#### Goal of the exercise
In the data below, find the line containing "โดยในเวทีนี้มี สุริยะ จึงรุ่งเรืองกิจ" and the line containing "[ 한국미디어뉴스 이원영", then reproduce them and every line between, exactly. Omit pictures.

[[ Source material, beginning ]]

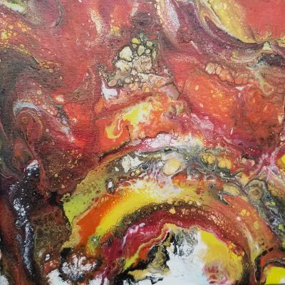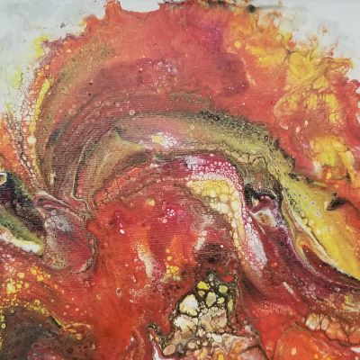 Acrylic pour on a white background in shades of red 300 x 225 x 15 mm
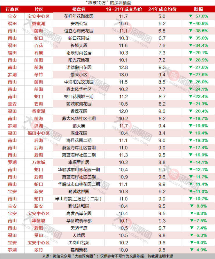 罗湖区跌幅最高的是翠竹的愉天小区,成交均价从13.0万元/㎡下跌至9.4万元/㎡。
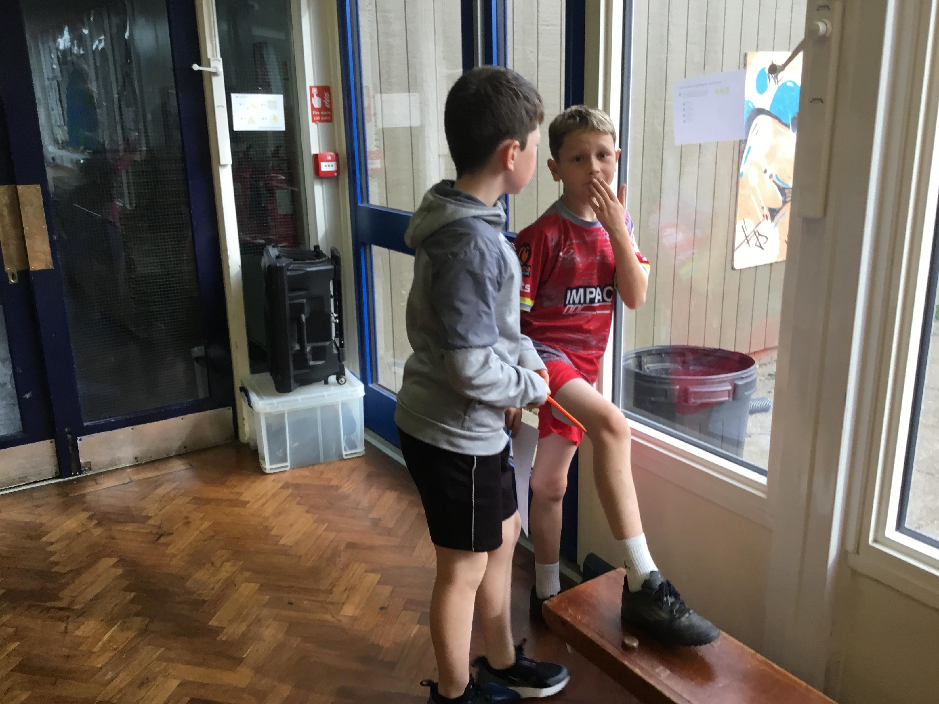 Year 6 - Here we are running around the hall solving Maths problems on Red Nose Day.
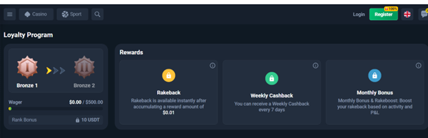 VIP Program and Loyalty Rewards: Play more often, climb the levels faster, and receive better perks, such as monthly bonuses, rakeback, and weekly cashback.
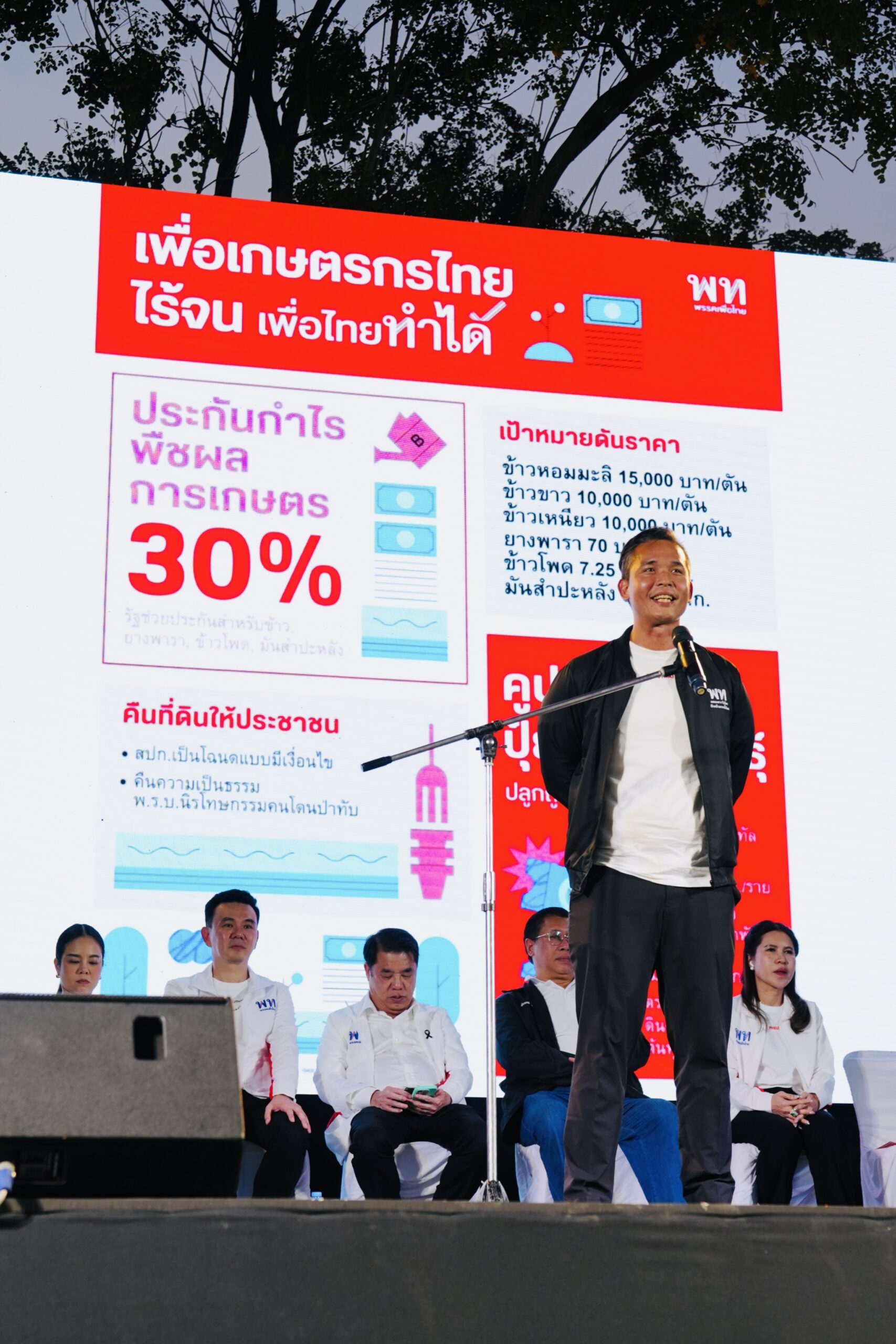 โดยในเวทีนี้มี สุริยะ จึงรุ่งเรืองกิจ ผู้อำนวยการการเลือกตั้ง และแคนดิเดตนายกรัฐมนตรีของพรรคเพื่อไทยเป็นผู้นำการปราศรัยเป็นเวทีแรก พร้อมด้วย ศึกษิษฏ์ ศรีจอมขวัญ โฆษกพรรค จักรภพ เพ็ญแข ผู้สมัคร สส. แบบบัญชีรายชื่อ สุภาภรณ์ คงวุฒิปัญญา ผู้สมัคร สส. แบบบัญชีรายชื่อ นวรัตน์ อยู่บำรุง , สุพิน คล้ายนก และขัตติยา สวัสดิผล รองเลขาธิการพรรค
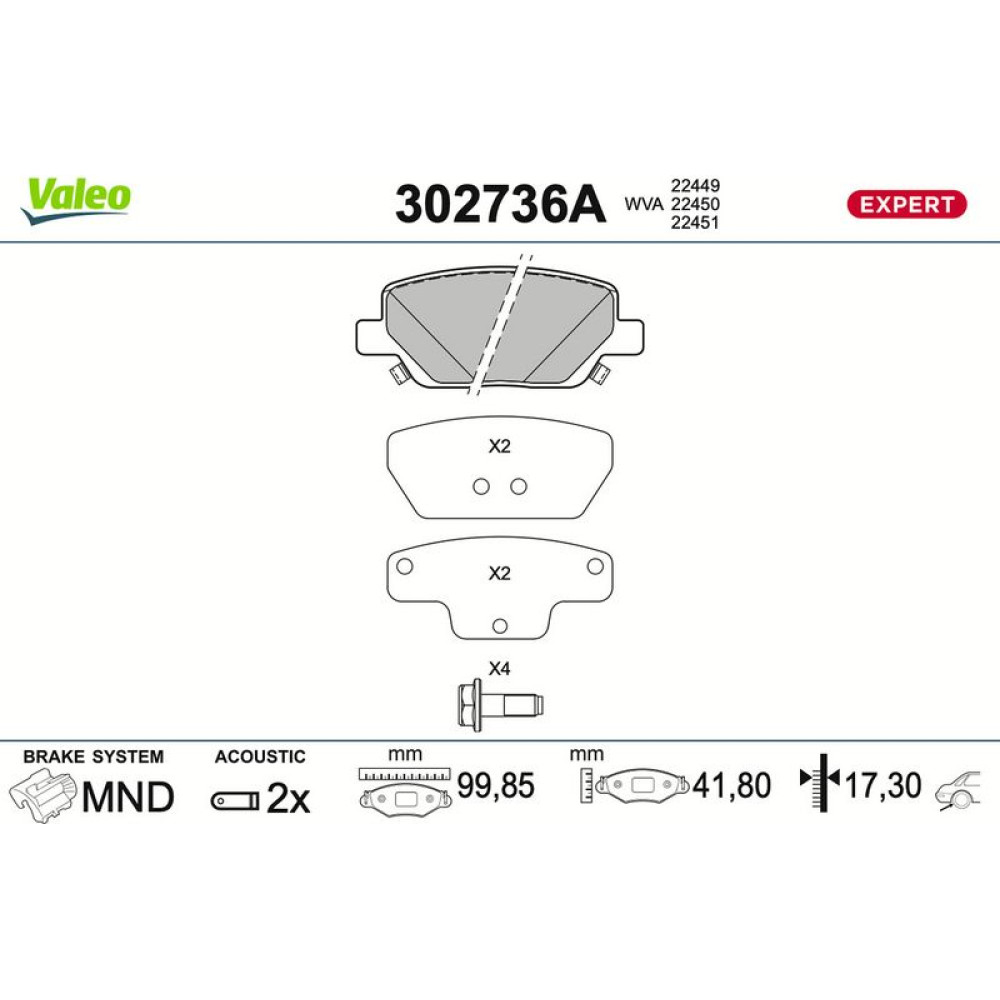 Valeo | Bremsbelagsatz, Scheibenbremse | 302736A
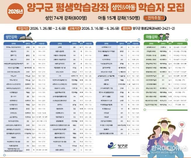 [ 한국미디어뉴스 이원영 기자 ] 양구군은 1월 26일부터 2월 6일까지 12일간 상반기 평생교육 프로그램 학습자를 모집한다.
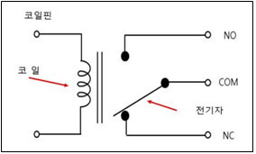 릴레이의 내부는 아래 그림과 같이 코일과 전기자, 그리고 코일핀과 NO, COM, NC 핀으로 구성되어 있습니다.
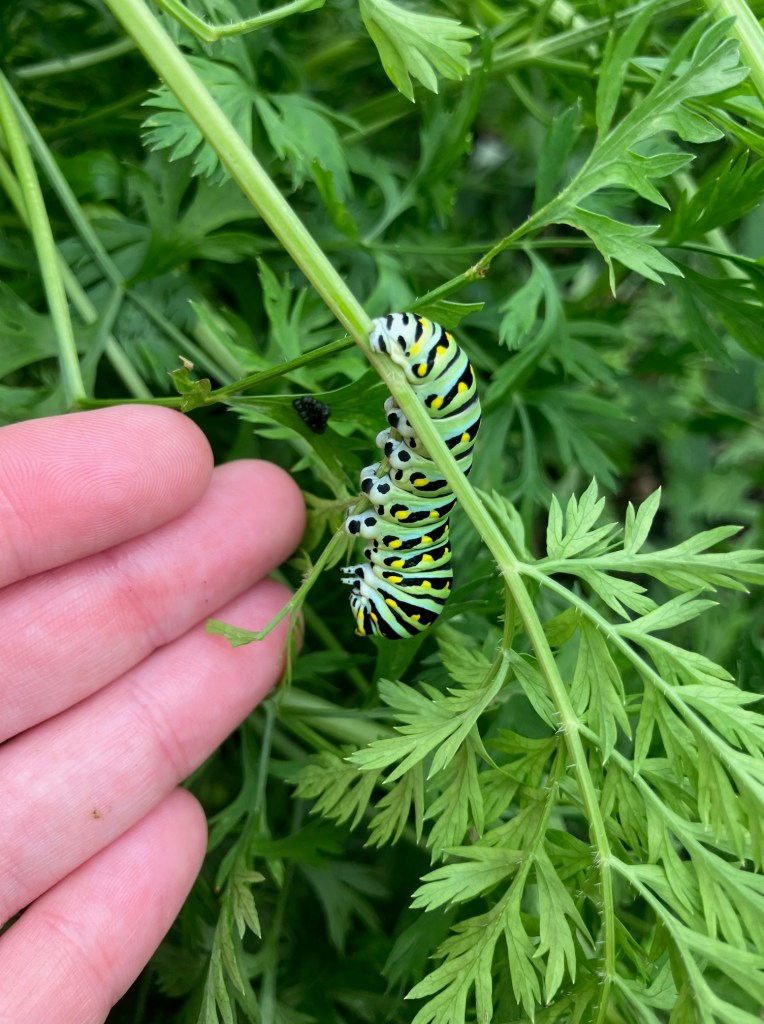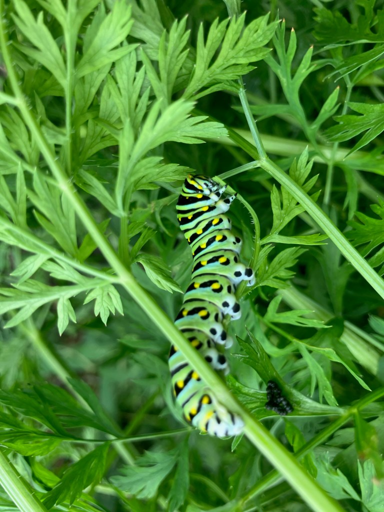 The other week, when I posted about the butterflies, I mentioned that I hoped the Tiger Swallowtail had laid some eggs in my carrots or parsley. But I wasn’t thinking… that’s the wrong kind of Swallowtail. Tiger Swallowtail caterpillars primarily feed on trees and shrubs in the families Magnoliaceae and Rosaceae, as well as other plants like birch, willow, and ash. Specifically, common host plants include tulip tree, sweet bay magnolia, and wild black cherry

[[ Source material, end ]]

#### Solution to this problem
 โดยในเวทีนี้มี สุริยะ จึงรุ่งเรืองกิจ ผู้อำนวยการการเลือกตั้ง และแคนดิเดตนายกรัฐมนตรีของพรรคเพื่อไทยเป็นผู้นำการปราศรัยเป็นเวทีแรก พร้อมด้วย ศึกษิษฏ์ ศรีจอมขวัญ โฆษกพรรค จักรภพ เพ็ญแข ผู้สมัคร สส. แบบบัญชีรายชื่อ สุภาภรณ์ คงวุฒิปัญญา ผู้สมัคร สส. แบบบัญชีรายชื่อ นวรัตน์ อยู่บำรุง , สุพิน คล้ายนก และขัตติยา สวัสดิผล รองเลขาธิการพรรค
 Valeo | Bremsbelagsatz, Scheibenbremse | 302736A
 [ 한국미디어뉴스 이원영 기자 ] 양구군은 1월 26일부터 2월 6일까지 12일간 상반기 평생교육 프로그램 학습자를 모집한다.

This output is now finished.